+++ Working data +++
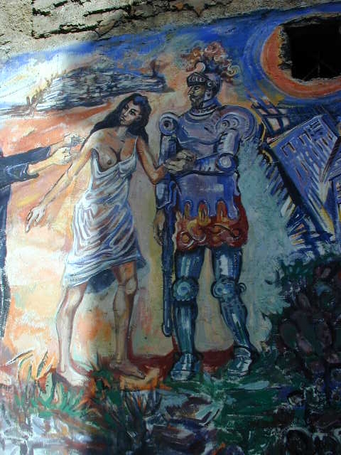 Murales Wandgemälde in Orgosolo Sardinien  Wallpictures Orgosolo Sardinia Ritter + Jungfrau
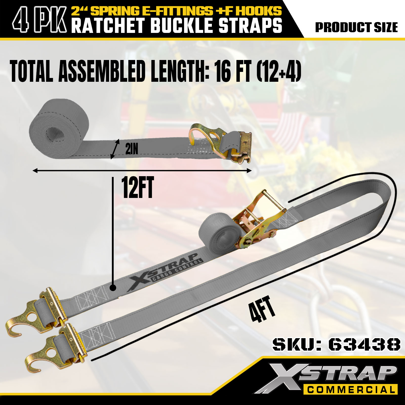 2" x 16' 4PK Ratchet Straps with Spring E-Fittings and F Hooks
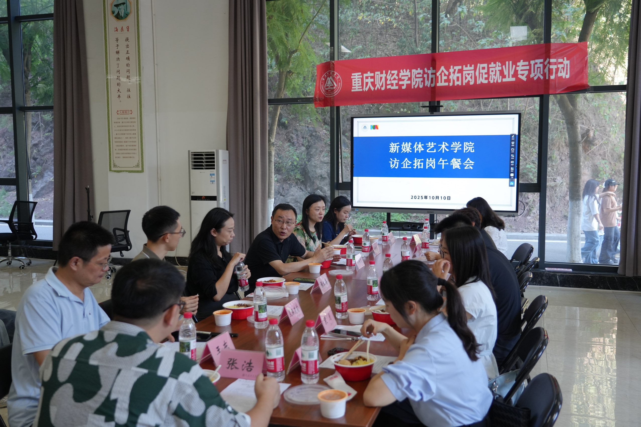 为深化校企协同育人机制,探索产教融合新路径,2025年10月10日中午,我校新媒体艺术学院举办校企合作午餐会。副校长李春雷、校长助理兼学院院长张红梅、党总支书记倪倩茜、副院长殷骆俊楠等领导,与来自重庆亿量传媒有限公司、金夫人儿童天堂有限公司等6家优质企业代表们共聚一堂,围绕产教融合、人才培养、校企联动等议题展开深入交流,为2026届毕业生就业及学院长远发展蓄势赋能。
+++
+++ Working data +++
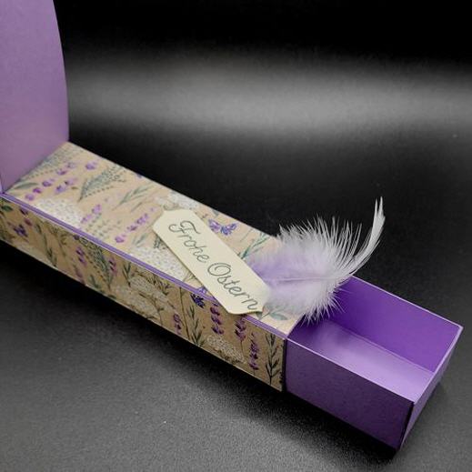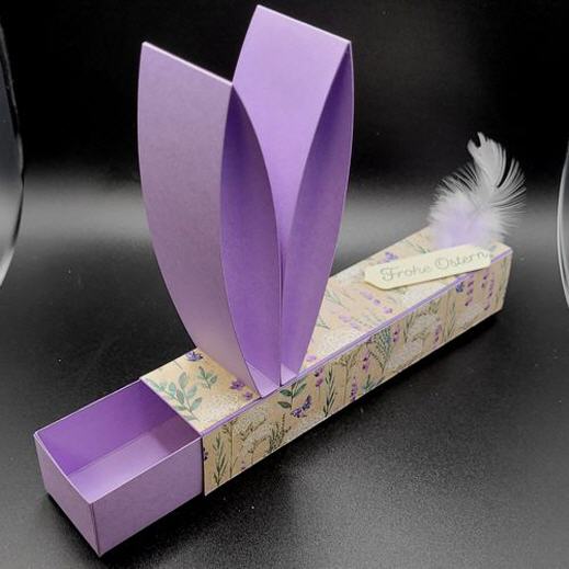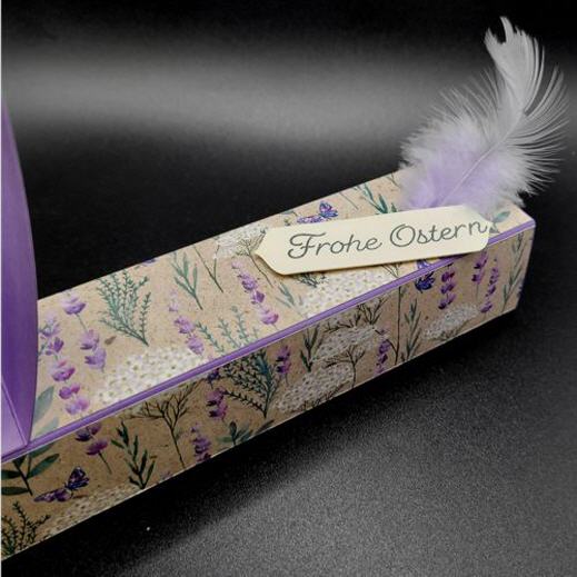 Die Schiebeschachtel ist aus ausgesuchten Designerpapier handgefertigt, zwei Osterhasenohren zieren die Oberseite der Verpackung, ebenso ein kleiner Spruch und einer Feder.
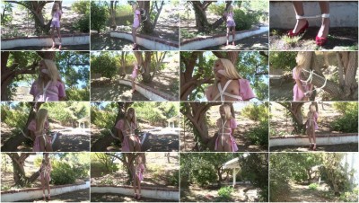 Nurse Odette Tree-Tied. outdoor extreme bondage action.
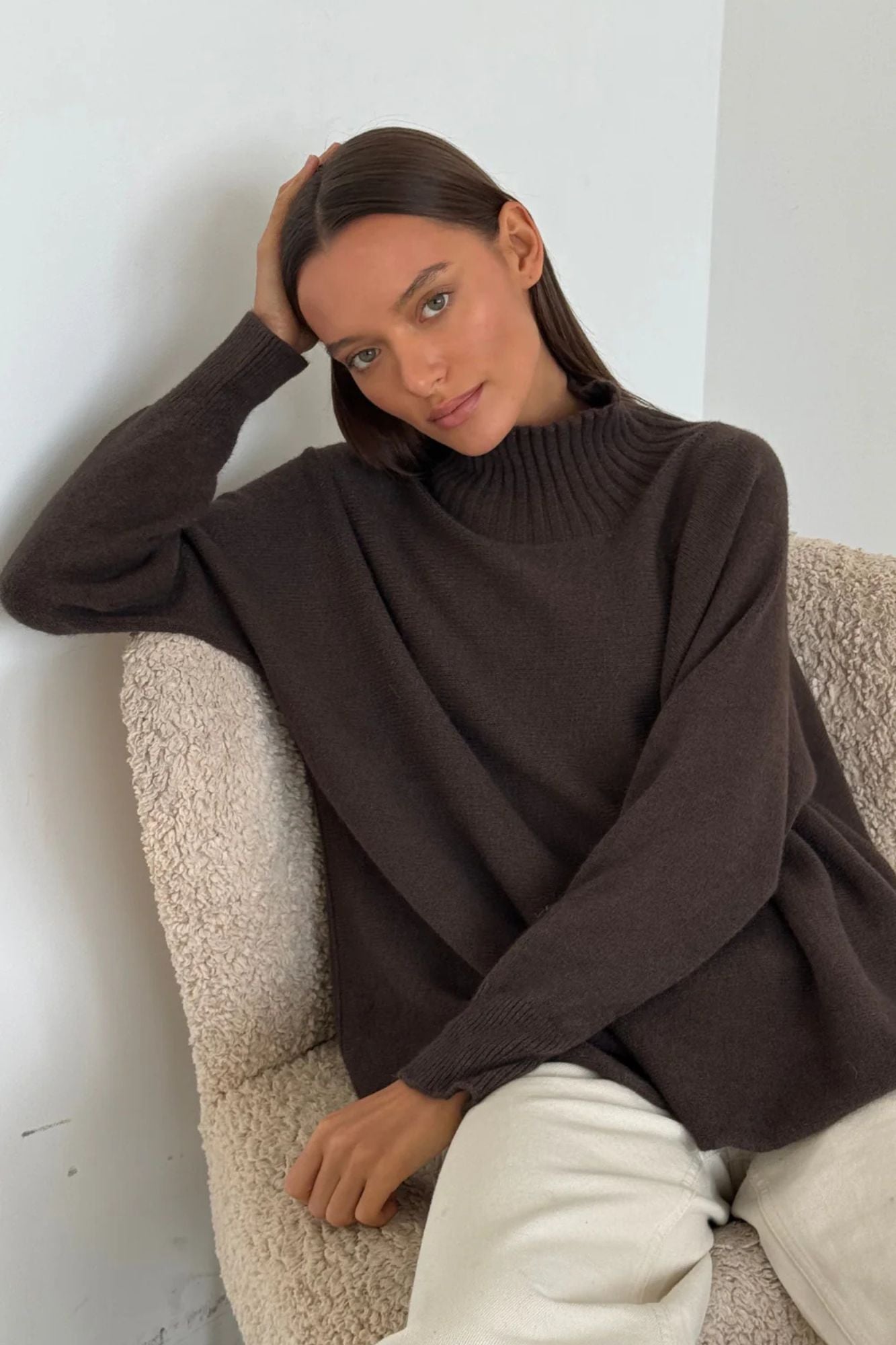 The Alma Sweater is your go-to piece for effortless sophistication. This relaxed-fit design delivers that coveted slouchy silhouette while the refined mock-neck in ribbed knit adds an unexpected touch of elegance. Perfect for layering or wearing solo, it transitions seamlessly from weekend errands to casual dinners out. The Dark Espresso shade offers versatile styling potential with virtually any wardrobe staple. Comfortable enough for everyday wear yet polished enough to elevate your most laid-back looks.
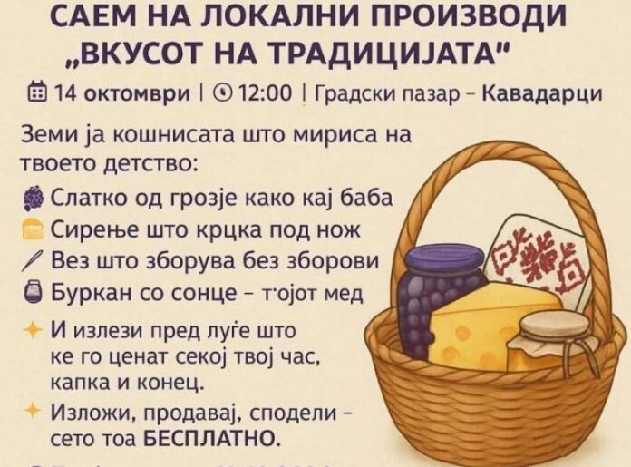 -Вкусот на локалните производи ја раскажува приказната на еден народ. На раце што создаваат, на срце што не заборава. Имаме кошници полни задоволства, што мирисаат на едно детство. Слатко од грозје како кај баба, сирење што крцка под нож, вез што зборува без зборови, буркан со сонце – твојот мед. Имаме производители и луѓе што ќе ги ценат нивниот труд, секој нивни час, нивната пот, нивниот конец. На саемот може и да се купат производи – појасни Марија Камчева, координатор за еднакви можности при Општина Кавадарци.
+++
What is required> Start with the line above containing "Murales Wandgemälde in" and end with the line containing "为深化校企协同育人机制,探索". Set down that stretch exactly, without any pictures.

Solution to this task>
 Murales Wandgemälde in Orgosolo Sardinien  Wallpictures Orgosolo Sardinia Ritter + Jungfrau
 2" x 16' 4PK Ratchet Straps with Spring E-Fittings and F Hooks
 为深化校企协同育人机制,探索产教融合新路径,2025年10月10日中午,我校新媒体艺术学院举办校企合作午餐会。副校长李春雷、校长助理兼学院院长张红梅、党总支书记倪倩茜、副院长殷骆俊楠等领导,与来自重庆亿量传媒有限公司、金夫人儿童天堂有限公司等6家优质企业代表们共聚一堂,围绕产教融合、人才培养、校企联动等议题展开深入交流,为2026届毕业生就业及学院长远发展蓄势赋能。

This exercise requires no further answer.